KCL: N=1043 samples were obtained from consenting adult volunteers resident in the UK. The samples relate to six different UK population groups with self-declared ancestries of: White British, West African, North East African, South Asian, Chinese and Middle Eastern. All samples have been sequenced with the ForenSeq system (Illumina) and additionally genotyped with at least two commonly available CE kits.

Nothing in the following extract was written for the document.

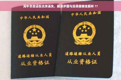 摘要:高中毕业证丢失在北京,不必慌张。联系原毕业学校,获取相关证明文件。前往所在区教育部门进行档案查询和补办申请。登报声明原毕业证遗失并保留相关证明。准备必要材料,前往教育部门办理新的毕业证。应对策略需保持冷静,及时采取行动,确保不影响个人发展。

UNT: N=839 samples which have been described in associated sequence-based allele frequency publications and were sequenced with the ForenSeq system (Illumina) [6, 13].

USC: N=944 samples from the HGDP-CEPH diversity panel cell-line DNAs from 51 diverse populations were sequenced with the ForenSeq system (Illumina).

Initially, STRSeq records will be created for the STR loci targeted in the aforementioned assays; additional records will be created as samples are sequenced with other available commercial assays, e.g. Precision ID GlobalFiler NGS STR Panel (Thermo Fisher Scientific). If new STR loci (see [16]) are targeted in commercially available assays launched in the future, additional records will be created.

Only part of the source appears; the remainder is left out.